Un viaje ultraortodoxo

 

 

07/07/2014 Fuente elpais. Eduardo Halfon regresa con 'Monasterio' a la búsqueda febril de la identidad

 

Eduardo Halfon, descendiente de judíos libaneses y polacos, es escritor guatemalteco. Guatemalteco porque sus antepasados, que huían en barco dejando atrás una Europa hostil, desembarcaron en Guatemala por error creyendo que era Panamá, adonde se dirigían por tener allí un pariente judío. Y es escritor, entre otros muchos motivos, porque su abuelo tenía tatuados en el brazo unos números, y él de niño creía que eran los de un teléfono y no el código del horror nazi.

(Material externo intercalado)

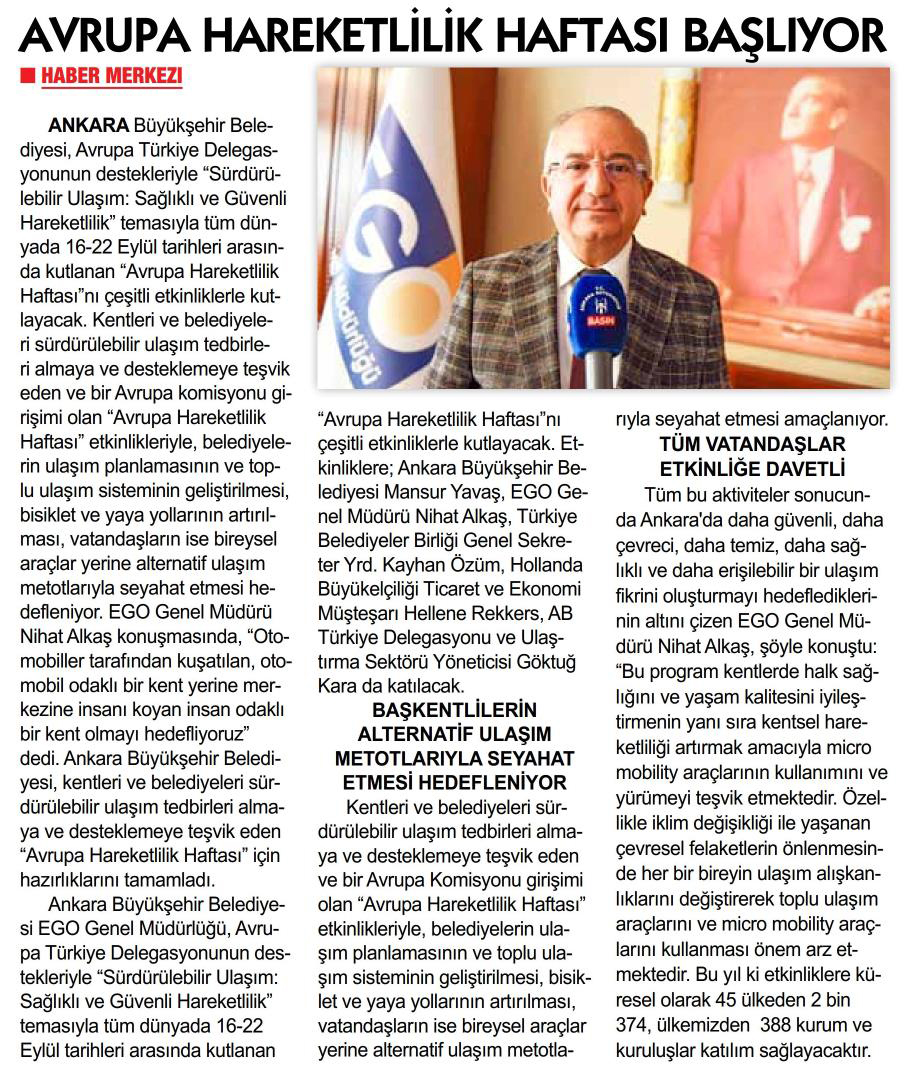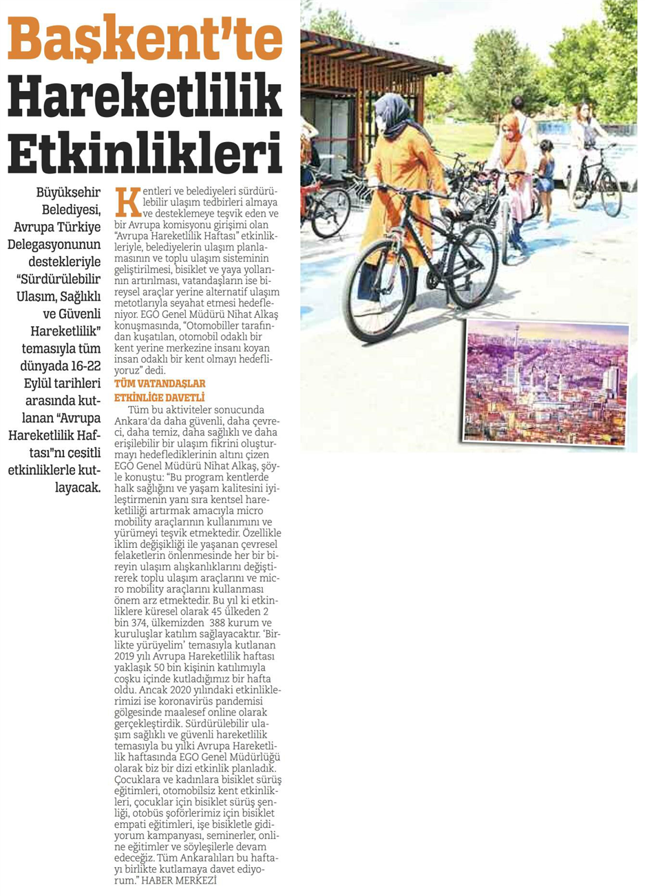 Başkent Gazetesi / 17.09.2021 Avrupa Hareketlilik Haftası başlıyor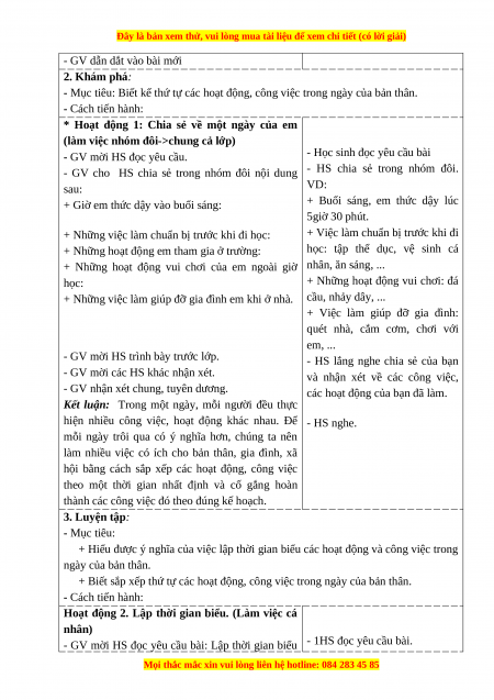 - Biết sắp xếp thứ tự các hoạt động, công việc trong ngày của bản thân.

Y así, EH, escritor, judío, a veces, como dice el EH, protagonista de algunos de sus relatos, como en esta novela corta, donde todo está caligrafiado aprovechando la sustancia y desdeñando todo lo superfluo, vuelve, ahora, en Monasterio a uno de sus temas más recurrentes, al viaje como huida del pasado (una forma de regresar, acaso), como búsqueda febril de una identidad, de un pretender encontrar acomodo en un mundo hostil, que lo es para todos, pero especialmente para muchos de esa galería de retratos, un tanto espectrales.

 

Quien conozca algunos de sus títulos anteriores, como esa espléndida colección de relatos, El boxeador polaco (aquel que le salvó la vida a su abuelo), o esa perfecta novela también más o menos corta, La pirueta (ambas en Pre-Textos), que tiene mucho que ver con la confusión de identidades balcánicas, con la necesidad de encontrarse viajando, con la música como hilo conductor, reguero de migas de pan que te permite no extraviarte del todo; quien conozca estos libros de Halfon no se sorprenderá desde luego de encontrarse en Monasterio no solo con la metáfora del viaje —siempre el viaje, de dos hermanos guatemaltecos, uno de ellos EH, a Israel, al más profundo e intolerante, para asistir a la boda ultraortodoxa de su hermana que va a casarse con un neoyorquino ultraortodoxo—, sino también con algunos guiños a textos suyos anteriores, el abuelo, siempre —emotiva y divertida escena en el velatorio con un rabino pelma—, el boxeador polaco y, sobre todo, esa bellísima azafata (ahora, exsoldado entonces) que se encuentra en el aeropuerto de Tel Aviv y que es la misma bellísima mujer que conoció, en un relato anterior, de hace unos años, en un bar escocés (que no lo era) de la Antigua Guatemala, relato aquel que prácticamente incluye a modo de capítulo en esta novela, pues para ese judío, a veces que puede que sea el EH real, siendo como lo es el EH de la novela, frente a la asfixia de ese judaísmo ultraortodoxo, la presencia de la hermosa azafata y ese viaje improvisado —el viaje, siempre— a las orillas del mar Muerto tiene una carga erótica que aligera muchas presiones ultras. El contraste está muy logrado, como todo en esta novela que, acaso, frente a sus libros anteriores, puede que ande algo lastrada por cierta ligereza. Pero lo esencial, sus calidades literarias están ahí.